El Nanodrop es un espectrofotómetro UV-visible genérico. Según el fabricante, el último modelo puede medir la absorbancia de 190 a 850 nm . Su rango dinámico también es muy bueno: desde alrededor de 0,1 hasta alrededor de 60 en absorbancia. Por lo tanto, siempre que no use un solvente incompatible, puede medir cualquier cosa que absorba en este rango de longitud de onda . Lo uso muy a menudo para proteínas purificadas. También funciona bien para suspensiones turbias (como cultivos bacterianos; la lectura de la densidad óptica a 600 nm da una idea de la turbidez).

Es fácil de usar y, por supuesto, el requisito de bajo volumen es una gran ventaja. Un inconveniente es que no le permitirá ajustar ciertos parámetros como lo permitiría un espectrofotómetro "real" (ancho de banda, ganancia, etc.). Pero definitivamente puede obtener espectros decentes para la caracterización de mezclas y la estimación de concentración de muestras puras.

'puedes medir cualquier cosa que absorba en este rango de longitud de onda' -- Sí, he estado probando por primera vez recientemente. ¿Pero lo has hecho oficialmente? Mis compañeros parecían indignados porque afirman que una nanogota debe usarse solo para estándares de ADN/ARN/proteínas. Sonaban tan dogmáticos.
Sí, he medido la absorción de tintes fluorescentes que no está ni cerca de la longitud de onda de absorción de proteínas o ácidos nucleicos. Usar un Nanodrop solo para proteínas y ácidos nucleicos parece una política de laboratorio (en mi opinión, demasiado estricta y no justificada), pero definitivamente no es una limitación técnica del instrumento.

Utilicé el Nanodrop para la medición de la absorbancia a 600 nm de cultivos bacterianos, así como de preparaciones de ácidos nucleicos. Sin embargo, cambié a usar otro espectrofotómetro (Espectrofotómetro, Ultrospec 2100 pro, Espectrofotómetro UV/Visible, Amersham Biosciences) para mis cultivos bacterianos porque confío más en él debido a que usa una cubeta que contiene 1 ml de bacterias en lugar de solo 1 microlitro de cultivo.
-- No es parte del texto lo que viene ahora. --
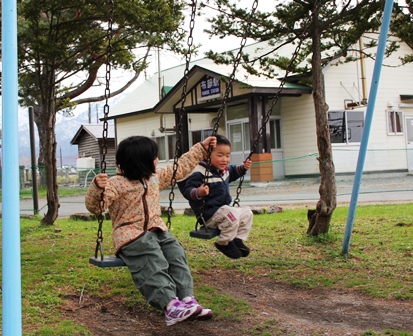鉄棒とブランコが、2基あるだけの小さな公園ですが、数少ない小さな子供たちの遊び場になっています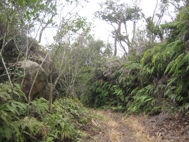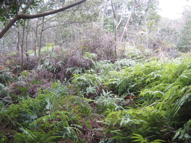 このことは踏査において自分が藪漕ぎに取りかかるか否かの判定基準にもなっている。即ちシダ類で著しく覆われて足元が殆ど見えない場所には、基本的に踏み込まず諦める。地面が見えない場所を突き進むのはリスクが大きい。潜んでいるハミの尻尾を踏みつけでもしたら何が起きるかは自明だ。何よりもそこまで踏み跡が失われているなら、元から道ではない場合が殆どなのである。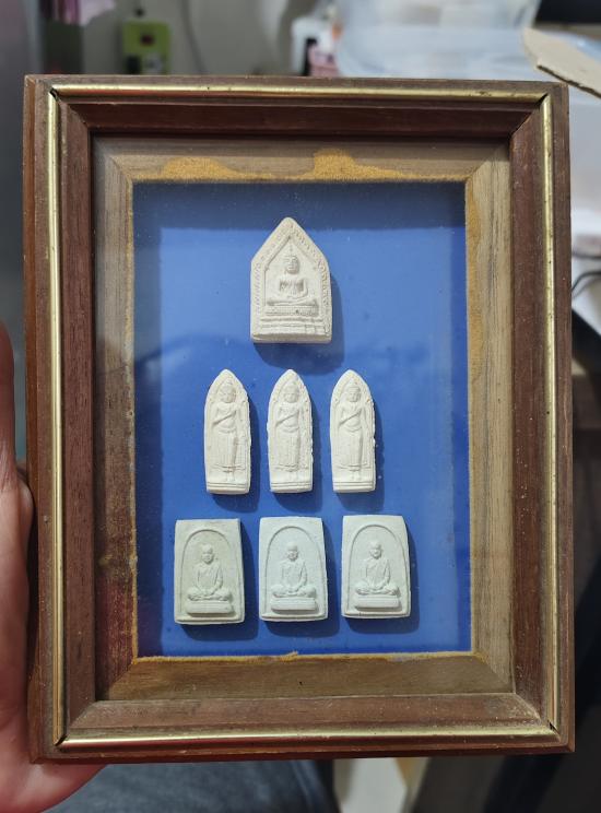 พระเนื้อผงชุดกรรมการ 7 องค์ เลี่ยมใส่กรอบไม้เดิมเก่า |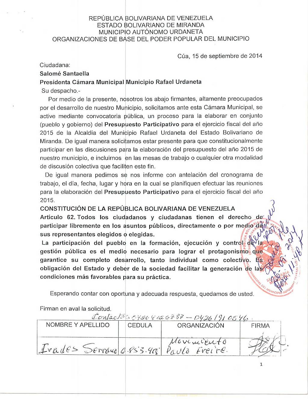 Desde el Municipio Rafael Urdaneta nos hacemos sensible y asumimos esta iniciativa, para exigir a los organismos pertinentes garantizar los mecanismos para que el pueblo se haga partícipe en el debate de nuestro presupuesto. Por esta razón dirigimos una comunicación a la Ciudadana Salomé Santaella (Presidenta de la Cámara Municipal) y miembro del Partido Socialista Unido de Venezuela, quién siendo consecuente con el Proyecto Socialista y de participación protagónica debiera ponerse al frente de esta exigencia. De igual manera se le hizo la misma solicitud a la camarada Adyanis Noguera Alcaldesa del Municipio Rafael Urdaneta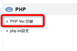 サーバーパネルの「PHP」メニューにあります、「PHP Ver.切り替え」ページへ行きます。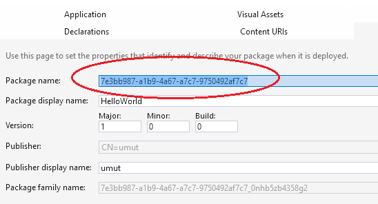 在当前版本中,默认情况下Visual会为您的应用程序生成一个随机包名,而不管您的项目名是。我的项目名是HelloWorld,但是它生成了一个完全不同的包名。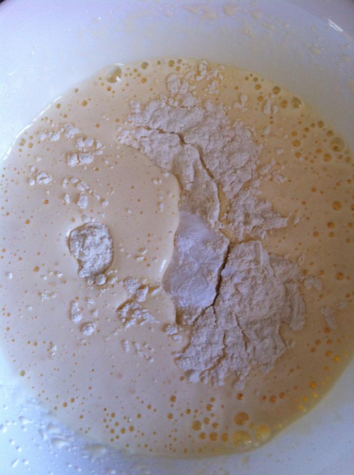 نضيف للخليط وبهدوء 6 ملاعق كبيرة طحين و خميرة الحلوى حتى نحصل على خليط متجانس
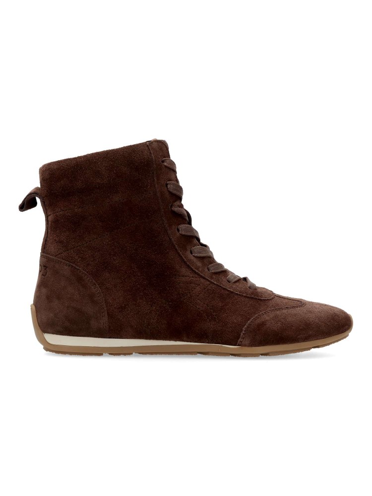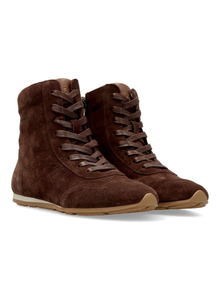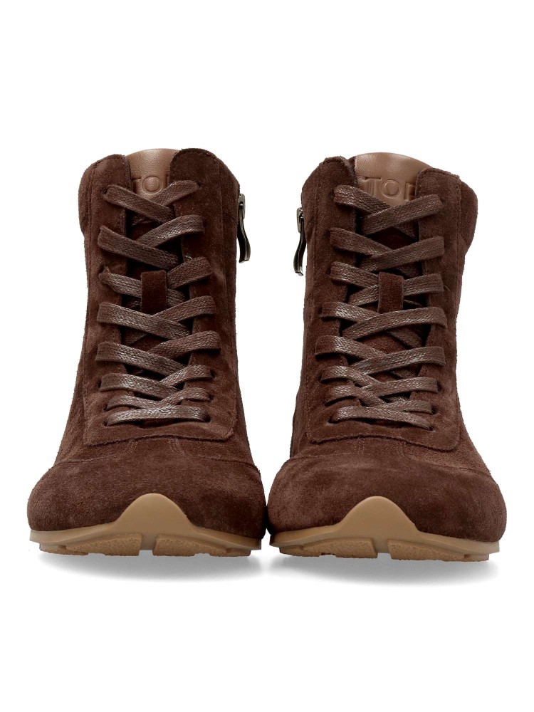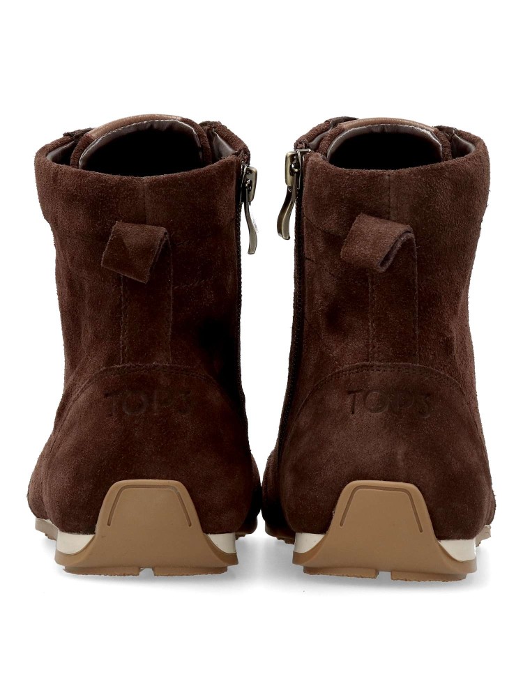 Botines boxing de mujer. Fabricado en piel serraje, con suela de goma flexible. Forro interior y plantilla acolchada de piel. Color moka. Cierre de cremallera lateral y cordones. Diseño original y versátil, que ofrece el máximo confort en tu día a día.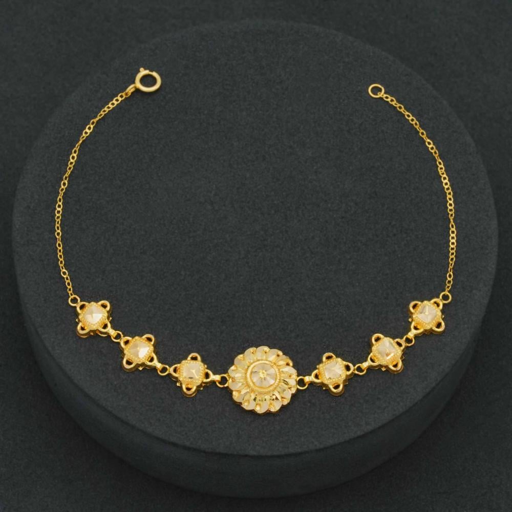 سوارة ذهب كرسي جابر، مليئة بتفاصيل متقنة، وفاخرة، ولامعة؛ لإنها مصنوعة من الذهب الخالص عيار 21، تمنحك هذه السوارة لمسة استثنائية وحضور راقي، وتليق بإستخدامك اليومي، وبالمناسبات أيضًا؛ لتكون إحدى أسرار، ولمسات إطلالتك التي لا تُنسى. ✨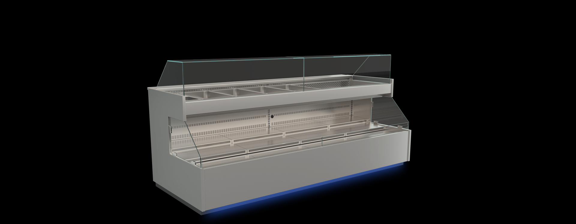 Interior: | Stainless steel (304L). Possibility of creating a cascaded presentation platform with optional inserts. |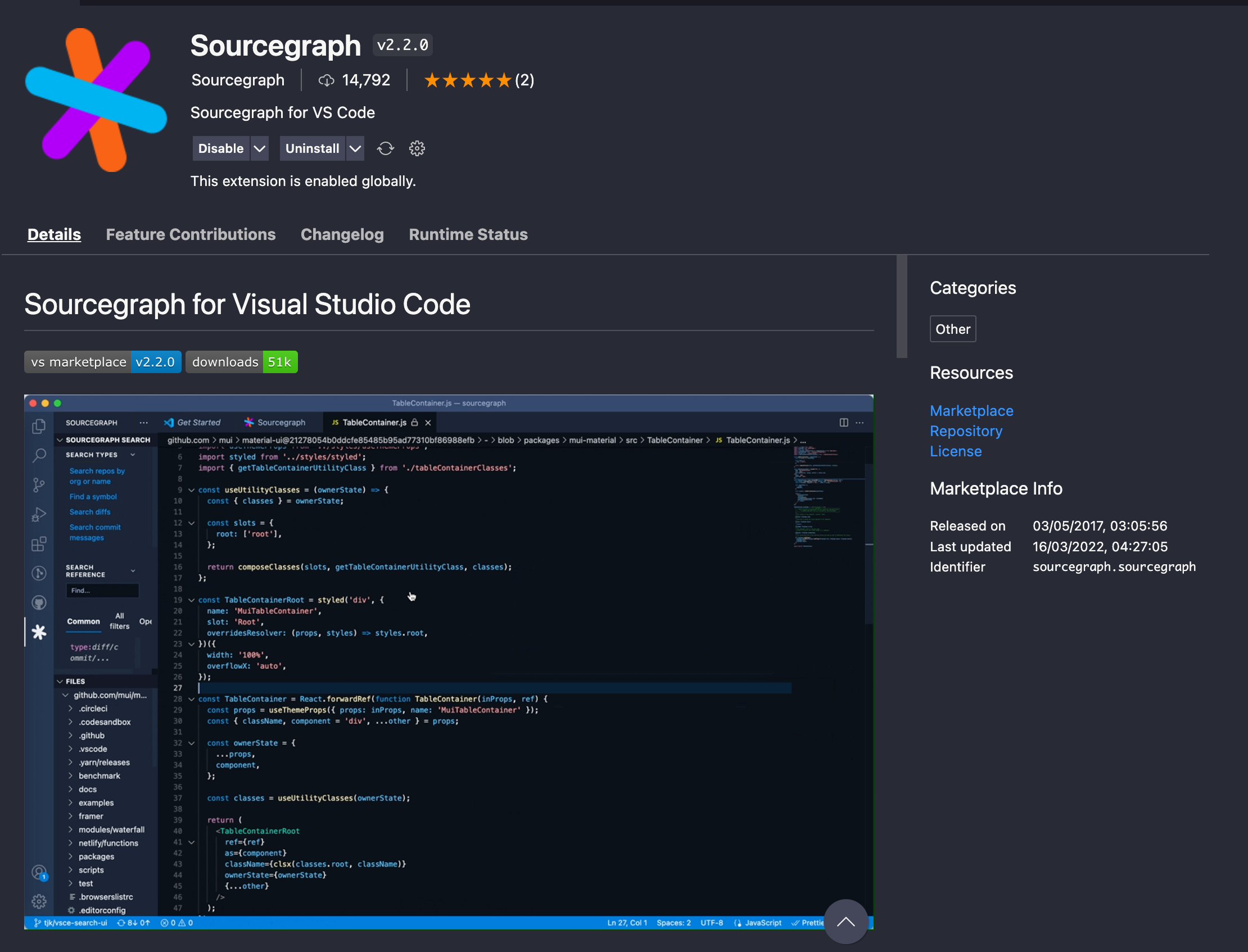 Cross-reference code with Sourcegraph Visual Studio Code plugin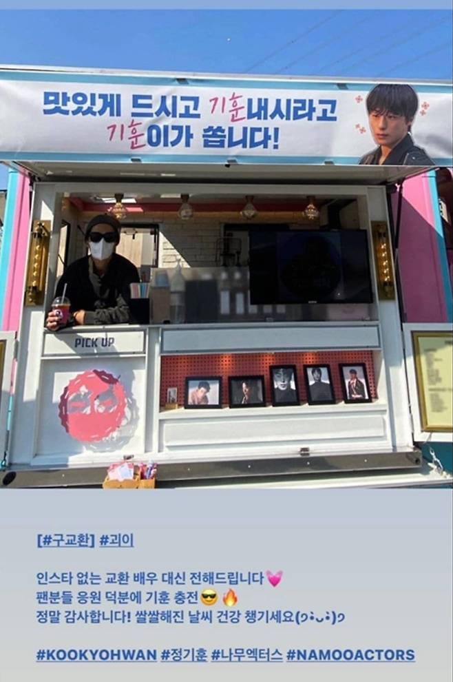 소속사 나무엑터스는 해당 사진에 “인스타 없는 교환 배우 대신 전해드립니다. 팬분들 응원 덕분에 기훈 충전”이라는 멘트를 남겼는데요.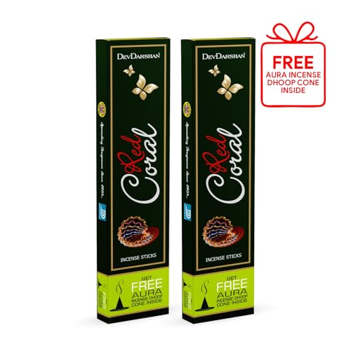 Devdarshan Red Coral Agarbathies 100g + 100g with Dhoop Cone Free Inside (Pack of 2)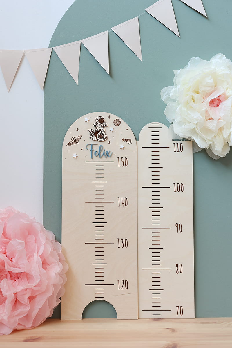 Ta urocza drewniana miarka wzrostu to idealny sposób na połączenie funkcjonalności z dekoracyjnym akcentem w pokoju Twojego dziecka. Miarka pozwala na łatwe zaznaczanie wzrostu malucha na różnych etapach jego życia.
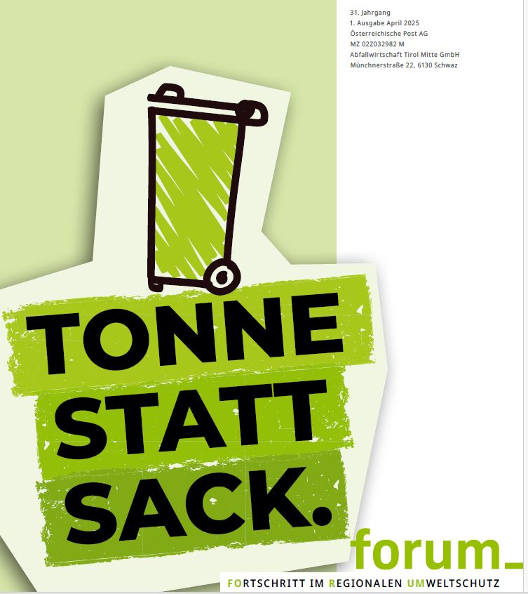 Im druckfrischen FORUM – dem Magazin der ATM-Abfallwirtschaft Tirol Mitte – ist es nachzulesen: Immer mehr Gemeinden steigen vom Sack auf die Tonne um. Als Redaktionsteam haben wir mit den Bürgermeisterinnen und Bürgermeistern gesprochen, welche Vorteile die Verwiegung bringt und welche Learnings im Umstellungsprozess gemacht wurden. Sechs Gemeinden berichten von ihren Erfahrungen … – und außerdem gibts wieder viel Neues rund um die Tiroler Abfallwirtschaft.

De hecho, algunos modelos de nanogotas tienen un pedestal especial para medir la DO600 del crecimiento microbiano. Debería haber mencionado eso en mi breve introducción a la pregunta. Mi problema principal es que, tan pronto como les mencioné a mis compañeros que usaría nanodrop con otras muestras biológicas, se rebelaron y dijeron que 'una nanogota debe usarse solo para estándares de ADN/ARN/proteínas'. Me preguntaba por qué sonaban tan dogmáticos al respecto y cómo recibirían los lectores si lo empleara de otra manera.
Tal vez algunas personas miden su muestra y la recuperan después y usted está contaminando el sistema. ¿Podrían estar preocupados de que su muestra se contamine?
Tal vez. Nanodrop es naturalmente inestable, y la gente puede culpar a cualquier cosa por un resultado extraño. Pero si las muestras son solubles en solventes compatibles, no veo el punto lógico, y realmente declararon que creen que está diseñado únicamente para el análisis de nucleótidos (que no es lo que dice en el manual).

Después de completar mis pruebas, he decidido regresar para responder mi propia pregunta.

Una máquina Nanodrop ha cumplido mi propósito de manera bastante eficiente, por lo que puedo juzgar. Lo he usado para evaluar el grado de pureza de un extracto de alcaloide natural de insectos, usando análogos de alcaloides sintéticos como controles. Consulte nuestro artículo publicado sobre el método aquí , junto con los datos sin procesar .

No hemos notado alteraciones ni contaminaciones cruzadas en las muestras de ADN/ARN de los colegas que se ejecutan en paralelo, destacando el hecho de que limpié adecuadamente el equipo entre usos.

Por lo tanto, sí: recomiendo usar Nanodrop como un método económico y rápido para escanear muestras biológicas, siempre que los productos químicos y los solventes utilizados en la limpieza del pedestal sean compatibles con el manual.

¡Espero que esta discusión ayude a otros a atreverse!

@WYSIWYG Creo que hicimos lo que describes, ¿no? ¿Sobre el uso de compuestos sintéticos como estándares y hacer un escaneo de longitud de onda?
Perdón. No lo vi. Además, si usa el modo "UV-Vis" (yo tengo nanodrop 1000), puede elegir dos longitudes de onda (en otros ensayos, las longitudes de onda son fijas). Supongo que usaste eso.